今月から日経新聞の「私の履歴書」欄で、日産自動車社長のカルロス・ゴーン氏の履歴紹介が始まっているが、生まれも育ちも、何度も地球を半周するようなダイナミックな移住で改めて驚かされる。
生まれはレバノン(後から要確認)で、特に幼少期を過ごしたのがブラジルの奥地も奥地、アマゾン河の支流端、ボリビアと接するような地(ロンド―ニャ地方、ポルトベーリョ)だったこと。 子供時代に悪い水を飲んで命に掛かるような大病をし、故郷のベイルート(要確認)に戻ったり、結婚してまたベイルートに戻ったり、読んでいる方が覚えられないくらい。 そして大学時代はフランスで過ごしたなど、日本人の地理感覚からするととんでもない「国際感覚」の持ち主であることが分かった。
これでは当時、「これからの日本のオリジナル・デザインとは何か」、などと考えていた頭脳とはほとんど整合性が取れないのは当たり前だ。

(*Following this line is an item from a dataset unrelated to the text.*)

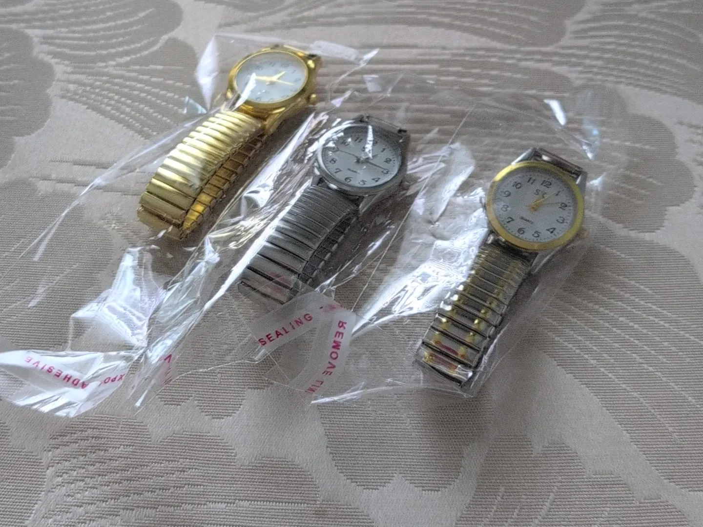 Lot of three ladies' quartz watches. One gold-tone watch and two silver-tone watches. Metal expansion bands. All watches are sealed.
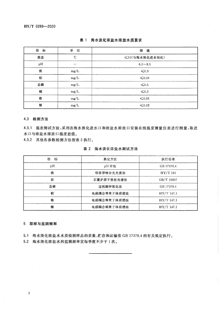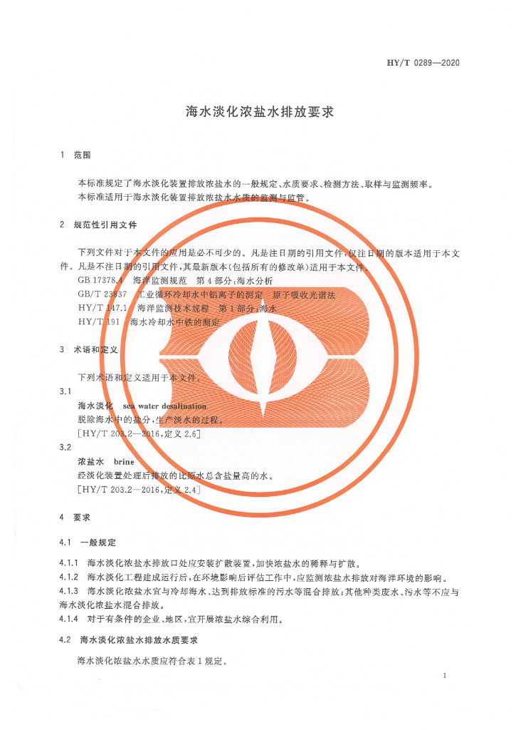 HY/T 0289-2020 海水淡化浓盐水排放要求

当時とは、2003年(平成15)か4年(正確な年月日は後から調べて記載)に、ゴーン氏をお招きしてセミナーを開催したことがあり、400人位集まったのだ。(*)  さすがにすごい集客力。 各企業の上層部や、声を掛けても来てくれた事の無い経産省の幹部までが出席していた。
彼に認められていた中村史郎さんなど、日産自動車のデザイン部の協力があったからだが、その時の印象がどうも明確でない。 というのもゴーン氏は早口の英語でまくし立てるように喋り、どうも通訳が追い付かなかったからのように思う。
要点としては、国際化の時代であり各国の事情に合わせたデザイン戦略を立てるべきだ、という趣旨だったと思うが、こちらも、まさかゴーン氏が講演に協力してくれるとは思っていなかった節もあり、少なからず慌てていたこともあった。 経歴や考え方の要点を押さえておかなかったのだ。 話して頂くだけで有難く、「何を話しますか?」 などと前もって聞くような状態ではなかったこともある。
というのもゴーン氏は当時から分刻みで忙しく、予定に組み込んで貰えてことだけでもありがたいこと、と言われていたからだ。



彼は大学で研究中にミシュラン(タイヤ・メーカー)に誘われ就職し、思いがあった育ちのブラジルに戻るが、そこでの成果を買われて、今度はアメリカ支社行を頼まれる。
アメリカ(サウスカロライナ州グリーンビル)での経営に対する落差体験はいい勉強になったようだ。
「短期な利益を重視する米国流の経営と欧州の同族企業的な長期経営はどこかで折り合う必要があった。米国は新しい時代を模索する場の最前線だった。文化の融合とはつまり、互いを尊重し合うことである」(1月8日記事)


日本人で、ここまで世界を渡り歩いてきた経営者はさすがにほとんどいないのではないか。
グローバリゼーションが問題になっている時にゴーン氏自身がグローバル体質だから、 何が問題なのかわからない、 と言うかもしれない。 レバノン語(要確認)、フランス語、英語を自由に話せるようだが、日本語はどうなのだろう。 日本語は国際情報交流に必要ないと思っていれば、今でも話せないかもしれない。
日本語で考え、日本語でしか発言出来ない日本人は、置いてきぼりにされつつある。
また当時(今でもそうだろうが) ゴーン氏以外に、 デザイナーの要請に出てきてくれた日本人トップ経営者がいただろうか。
講演が終わって私と軽く握手した後、ゴーン氏は会場を出て行った。 通路まで見送ったら、秘書らしい若い日本人女性が4人ほど待ち受けていて、英語で次の予定のことについて資料を見せ立ち話をし始めた。 一人が、私に向かって 「次の予定の時間が無いのですよ」 と言い、次には皆が駆け出した。